- _What is needed_
Instruction for the listing below: copy exactly, and only, the lines from the one holding "分享的最后,在现场做了一个毛" through its last line, omitting any picture.

- _Source data_
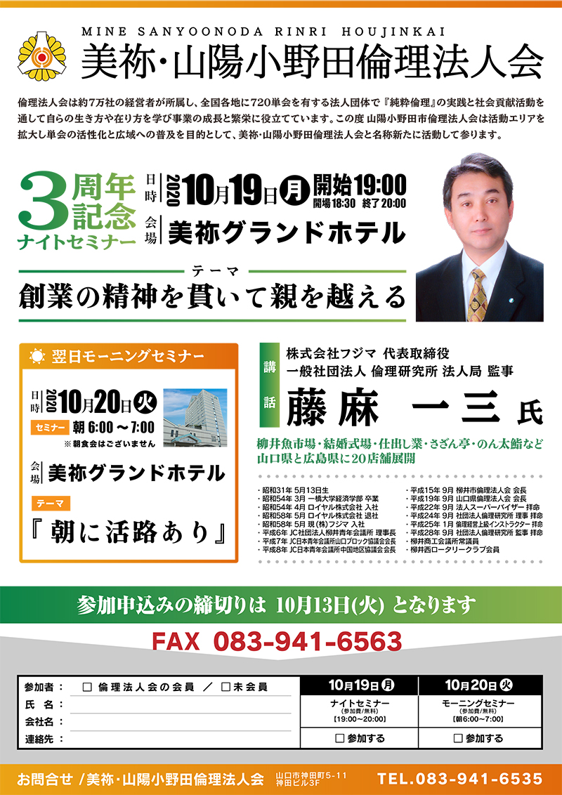 美祢・山陽小野田倫理法人会 3周年記念ナイトセミナー『創業の精神を貫いて親を越える』 講話:株式会社フジマ 代表取締役 / (一社)倫理研究所 法人局 監事 藤麻 一三 氏
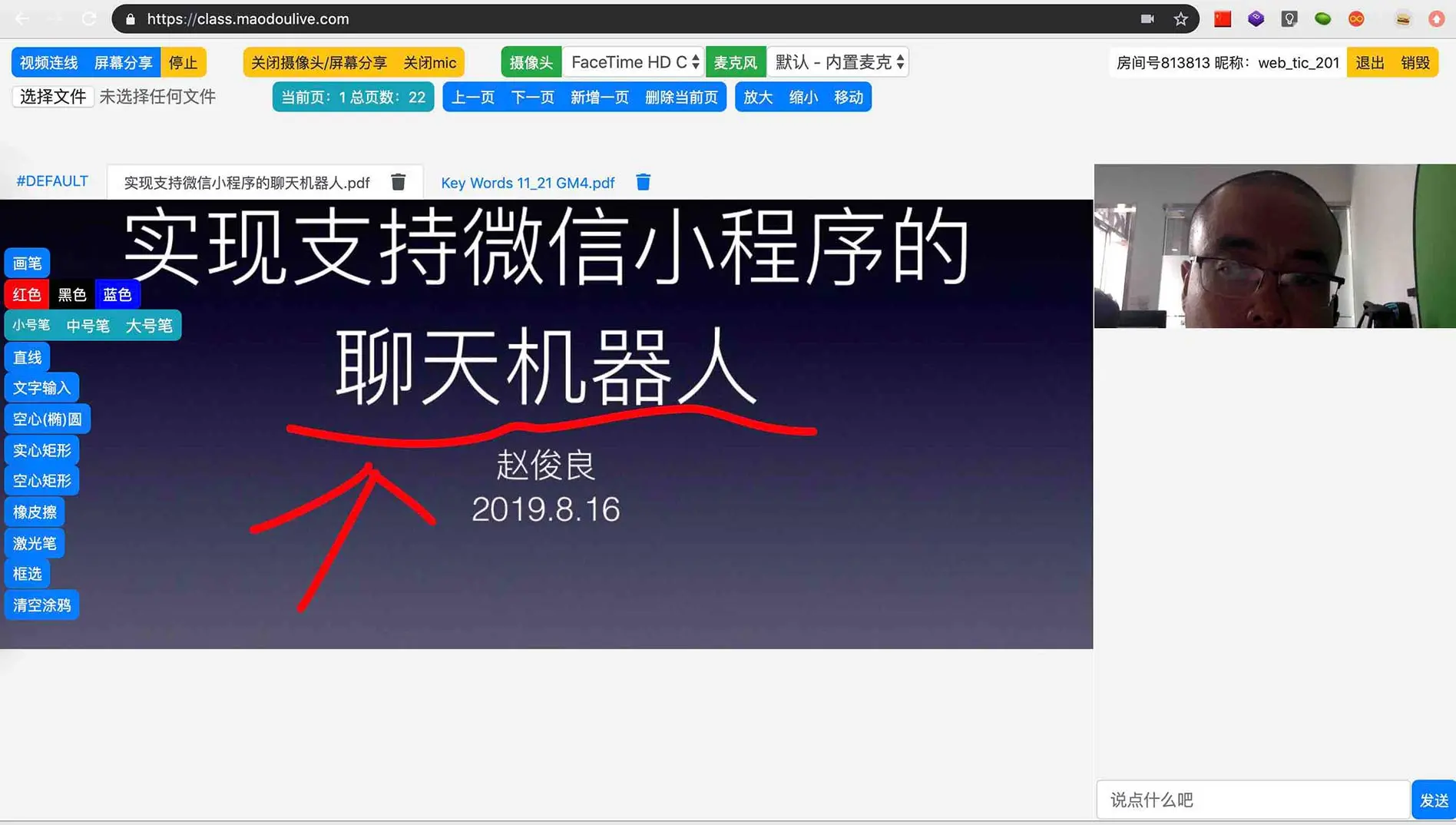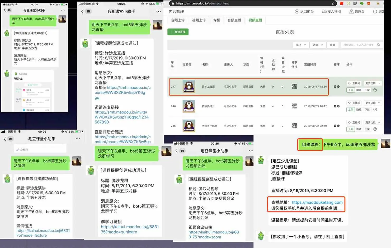 分享的最后,在现场做了一个毛豆课堂的demo,通过和小助手互动,创建了课程和小程序提醒,将小程序推送给现场嘉宾,加入小程序提醒后,会收到短信上课提醒,通过短信中的链接,用户能很快速进入课堂进行互动。
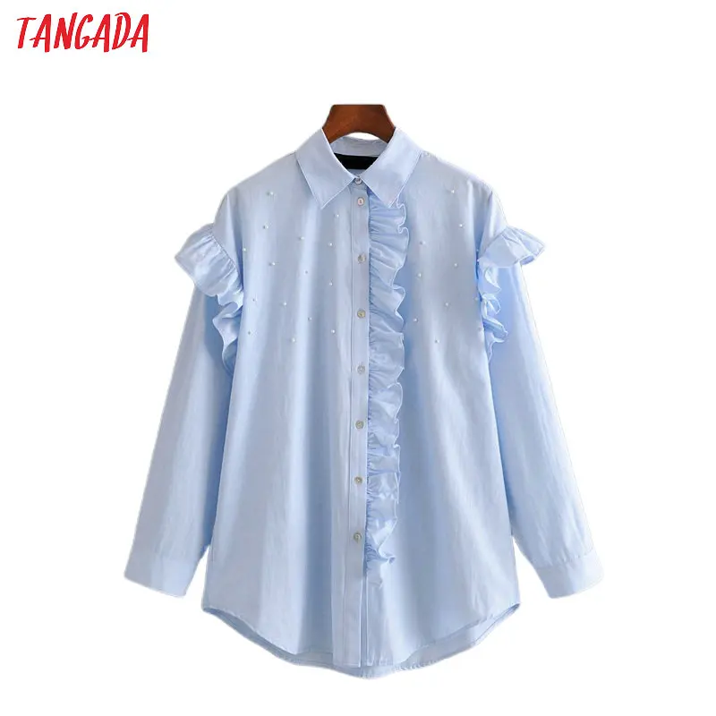 Женская блузка оверсайз Tangada, синяя блузка с жемчугом и оборками, с длинным рукавом, шикарная Женская Повседневная Свободная рубашка, blusas femininas, 3h371

- _Result_
 分享的最后,在现场做了一个毛豆课堂的demo,通过和小助手互动,创建了课程和小程序提醒,将小程序推送给现场嘉宾,加入小程序提醒后,会收到短信上课提醒,通过短信中的链接,用户能很快速进入课堂进行互动。
 Женская блузка оверсайз Tangada, синяя блузка с жемчугом и оборками, с длинным рукавом, шикарная Женская Повседневная Свободная рубашка, blusas femininas, 3h371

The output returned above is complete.